Administration Shaken by Para-Scandal
However, the “sedition of the guerilla” is only recognized theoretically, as Uribe has never re-established talks with Colombia’s left-wing insurgents. In fact, it was his hardline anti-guerilla creds that allowed him to bring the AUC into a peace process.
The peace process has officially led to the disarmament of some 31,000 paramilitary fighters, and the exhumation of several mass graves earlier this year, mostly in the Putumayo rainforest region along the Ecuador border. But it has not yet secured reparations for the AUC’s victims, or won major confessions from the 60 imprisoned warlords.
Ironically, Uribe—the man who was able to effect the AUC’s official “demobilization”—has simultaneously seen his administration rocked by a scandal over links to the outlawed paramilitaries.
On July 7, Jorge Noguera, former chief of Colombia’s secret police, was arrested on charges of paramilitary collaboration—for the second time. Noguera, freed from prison three months earlier due to procedural errors, was ordered detained again by Colombia’s chief prosecutor, Mario Iguaran. He is accused of providing the paras with information that led to several slayings.
Noguera, who ran Colombia’s Administrative Security Department (DAS) from 2002 to 2005, was but the closest Uribe ally to be imprisoned in the co-called “para-politics” scandal.
Foreign Minister Maria Consuelo Araujo stepped down Feb. 19, four days after the Supreme Court of Justice ordered the arrest of her brother Senator Alvaro Araujo, and 12 other legislators for their ties to the AUC. The court also called for an investigation into the suspected paramilitary activities of Araujo’s father, Alvaro Araujo Noguera, including the kidnapping and extortion of a businessman.
In early May, imprisoned AUC jefe Salvatore Mancuso fingered the vice president, defense minister and top Colombian businessmen as collaborators in an explosive judicial hearing.

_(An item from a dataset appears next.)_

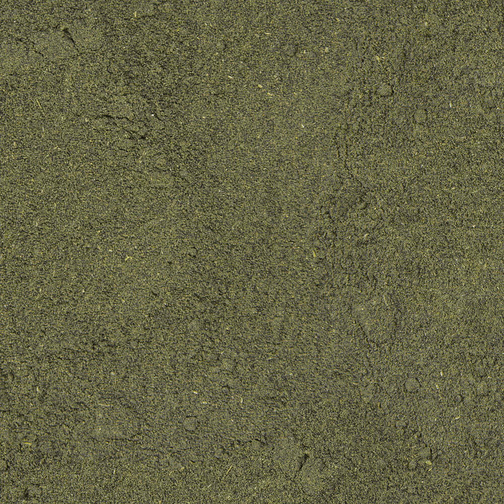 spirulina (51%), krill meal (18%), brine shrimps, fish meal, wheat flour, alfalfa, stinging nettle, parsley, brewers yeast, sea algae meal, paprika, Ca-caseinate, crude lecithin, spinach, gammarus meal, cod-liver oil, carrots, whole egg powder, fenugreek seeds, fennel seeds, mannan oligosaccharides, anise seeds, Haematococcus algae, green-lipped mussel meat meal, garlic.

He also said the paramilitaries were aided by top army brass in training and logistics. Uribe told national radio that he had “every confidence in the honesty and moral fiber” of Vice President Francisco Santos and Defense Minister Juan Manuel Santos.

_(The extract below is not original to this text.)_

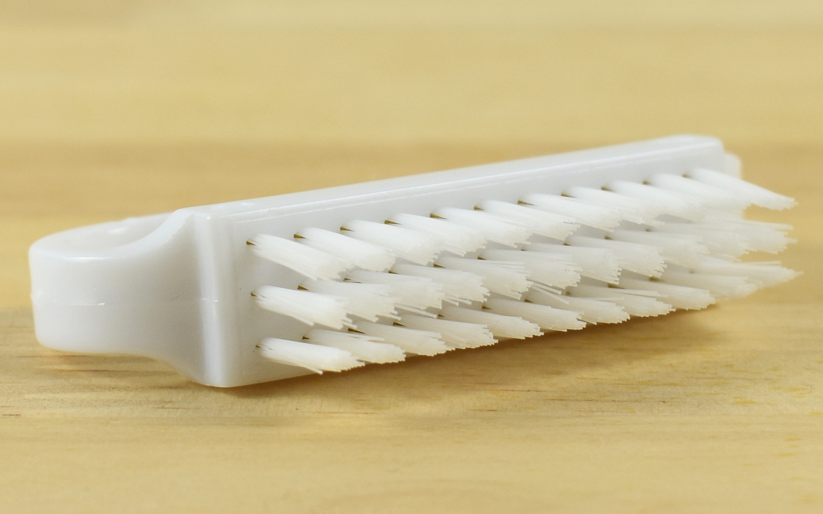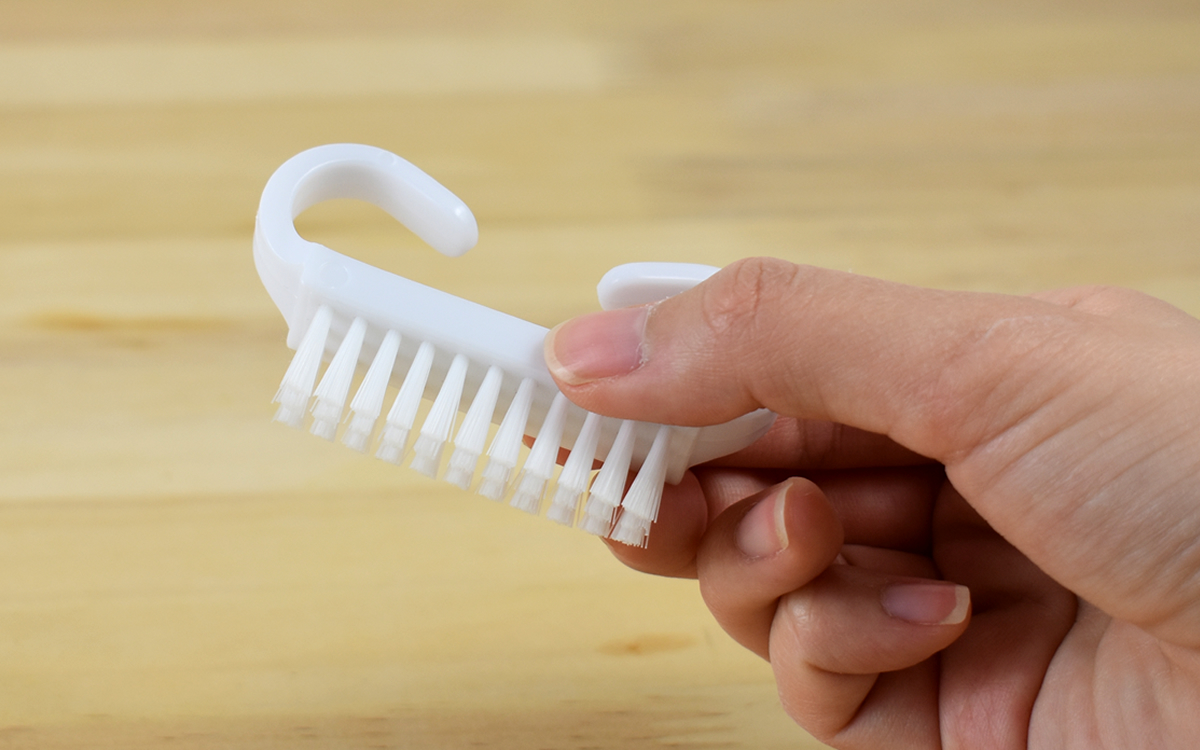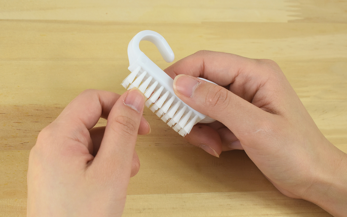 実際にブラシを使用してみたところ、細かいブラシの毛先が爪の隙間にジャストフィット。ブラシ全体の感触は柔らかく、ゴシゴシこすってもほとんど肌に痛みを感じません。また、カーブした持ち手のおかげでブラシがすべらず、しっかり汚れを落とすことができました。

National Police chief Gen. Jorge Daniel Castro and his intelligence boss Gen. Guillermo Chaves were forced to retire May 14 following claims that agents illegally tapped calls of opposition political figures, journalists and members of the government. The scandal broke when news-weekly Semana reported the interception of phone conversations revealing that the imprisoned warlords continued to operate their networks from behind bars. The scandal was dubbed the “Colombian Watergate.”
Colombia’s lower house voted overwhelmingly May 23 to request President Alvaro Uribe “immediately remove for incompetence” Sergio Caramagna, head of the OAS peace mission in the country, responsible for overseeing the “safe haven” established for demobilizing AUC fighters at Santa Fe de Ralito, in Cordoba department. José Castro Caycedo, the legislator who sponsored the resolution, told the Associated Press that paramilitaries made a mockery of the peace talks by “holding orgies on the negotiating table.” The resolution followed press reports that paras held all-night, whiskey-fueled orgies with high-class prostitutes, football stars and famous Mexican mariachi bands. The revelations were based on transcripts of phone conversations between paramilitary bosses and several madams published by Semana.

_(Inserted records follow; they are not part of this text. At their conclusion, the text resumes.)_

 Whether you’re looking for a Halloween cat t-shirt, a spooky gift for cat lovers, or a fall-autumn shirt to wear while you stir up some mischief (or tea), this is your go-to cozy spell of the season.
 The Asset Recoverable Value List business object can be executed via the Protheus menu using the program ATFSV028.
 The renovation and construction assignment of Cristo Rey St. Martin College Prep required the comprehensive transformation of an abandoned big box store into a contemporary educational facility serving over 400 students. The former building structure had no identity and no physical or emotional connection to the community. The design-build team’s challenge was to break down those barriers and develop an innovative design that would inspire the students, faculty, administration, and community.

Corporate Connection Emerges
Captains of industry in the US as well as Colombia have been touched by the scandal.
In June, advocates for the families of 173 people murdered in the banana-growing regions of northern Colombia filed suit against Chiquita Brands International, in US District Court in Washington, DC. The families allege that Chiquita paid millions of dollars to the AUC. “This is a landmark case, maybe the biggest terrorism case in history,” said attorney Terry Collingsworth. “In terms of casualties, it’s the size of three World Trade Center attacks.” Collingsworth has filed similar suits against Coca Cola, Drummond, and Nestle for the targeted killings of union leaders by the AUC.
The case began with an investigation by the US Justice Department, which filed criminal charges in March. Chiquita admitted the truth of the charges, and agreed to cooperate in the DOJ’s ongoing investigation. Although Chiquita got off with a $25 million dollar fine and no prison time for executives‚ their admissions set the stage for the multi-billion dollar lawsuit.
“Chiquita’s victims are living in dire poverty,” said Paul Wolf, co-counsel in the case, who met with victims’ groups at shanty towns in northern Colombia where terrorized families have sought refuge. “Reparations can’t bring back the dead, but there are a lot of widows and orphans with no means of support. Most of them have fled their homes, and don’t know where their next meal will come from,” said Wolf.
Also in June, a lawyer for the United Steelworkers asked the US State Department to investigate AUC infiltration of Uribe’s first electoral campaign, based on a video showing then-candidate Uribe meeting with a group that included a man identified as Frenio Sánchez Carreño, AKA “Comandante Esteban”—AUC chief for the violence-torn oil city of Barrancabermeja. The footage was apparently taken at a 2001 campaign stop outside the city. In a statement to Miami’s Nuevo Herald, Uribe’s office replied to questions about the video: “I beg you to abstain from making malevolent insinuations.”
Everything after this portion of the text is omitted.